High homology is not required at the site of strand invasion during recombinational double-strand break repair in mammalian chromosomes

Publication date: December 2017
Source:DNA Repair, Volume 60
Author(s): Kristina M. Chapman, Megan M. Wilkey, Kendall E. Potter, Barbara C. Waldman, Alan S. Waldman
We investigated the impact of sequence divergence on DNA double-strand break (DSB) repair occurring via recombination in cultured thymidine kinase deficient mouse fibroblasts. We stably transfected cells with a DNA construct harboring a herpes thymidine kinase (tk) gene (the "recipient") rendered nonfunctional by insertion of an oligonucleotide containing the recognition site for endonuclease I-SceI. The construct also contained a closely linked truncated "donor" tk sequence. The donor could potentially restore function to the recipient gene via recombination provoked by induction of a DSB at the I-SceI site in the recipient. Repair events were recoverable by selection for tk-positive clones. The donor contained 33 mismatches relative to the recipient.
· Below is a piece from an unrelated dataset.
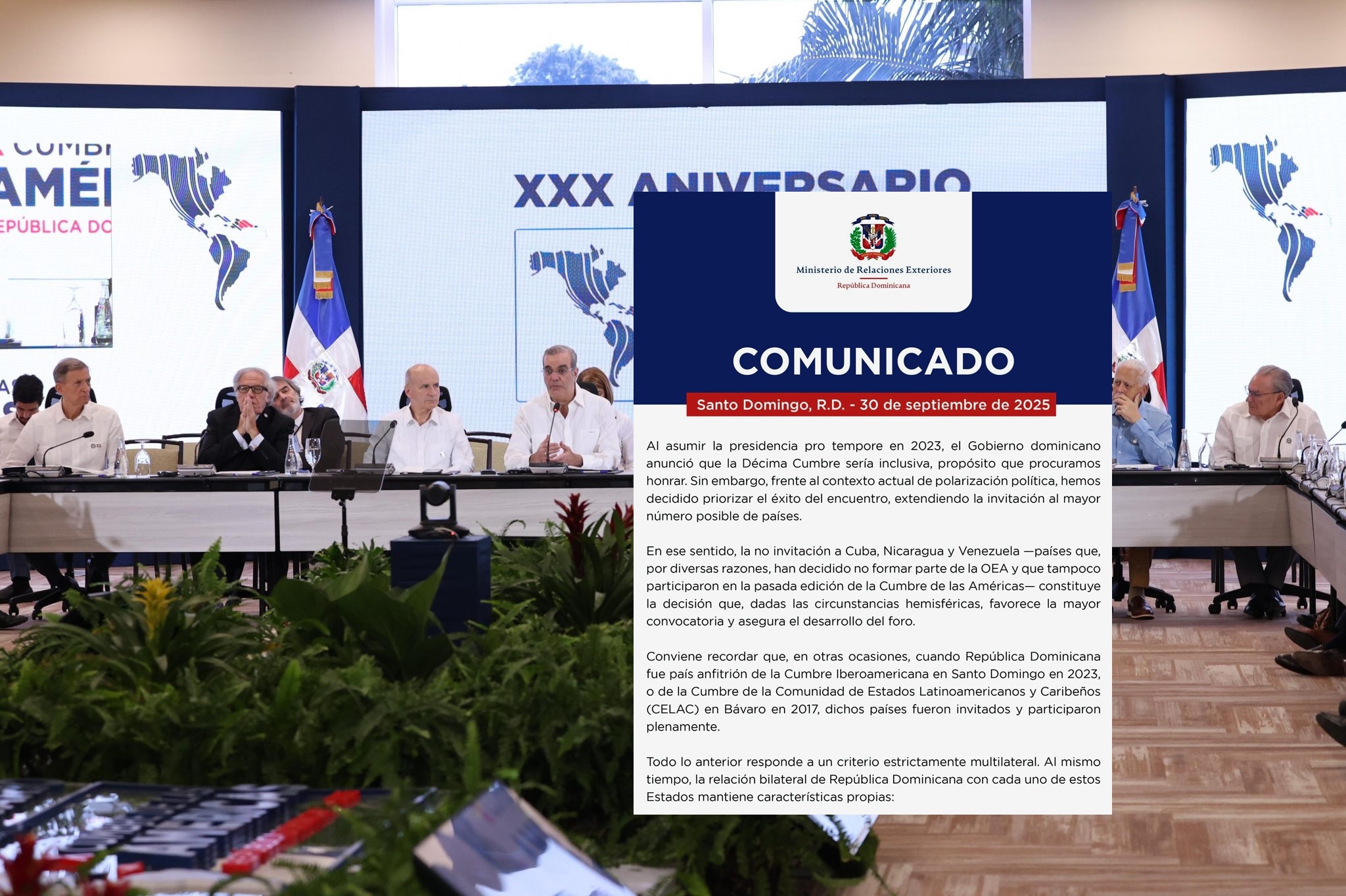 El Ministerio de Relaciones Exteriores de la República Dominicana (MIREX), en su rol de Presidencia Pro Tempore de la X Cumbre de las Américas, anunció que no se cursarán invitaciones a Cuba, Nicaragua y Venezuela para participar en el encuentro previsto en Santo Domingo en diciembre de 2025.

The mismatches were clustered, forming a localized segment of DNA sequence displaying about 20% divergence relative to the recipient, and the mismatched segment was surrounded by regions of high homology. When the donor was aligned with the recipient, the DSB site in the recipient aligned opposite the mismatched segment, allowing us to potentially capture recombinational repair events initiating between diverged sequences. Previous work demonstrated that mammalian cells effectively avoid recombination between 20% diverged sequences. In the current study we asked whether flanking regions of high homology would enable genetic exchange between highly diverged sequences or, instead, would rejection of exchange between diverged sequences remain unchanged. We found that by surrounding mismatches with high homology, suppression of recombination between diverged sequences was overcome. Strikingly, we recovered a high frequency of gene conversion tracts positioned entirely within the mismatched sequences. We infer that such events were enabled by homologous pairing interactions between sequences surrounding the site of strand invasion. Our results suggest a search for high homology prior to recombination that is not mediated by an invading DNA terminus.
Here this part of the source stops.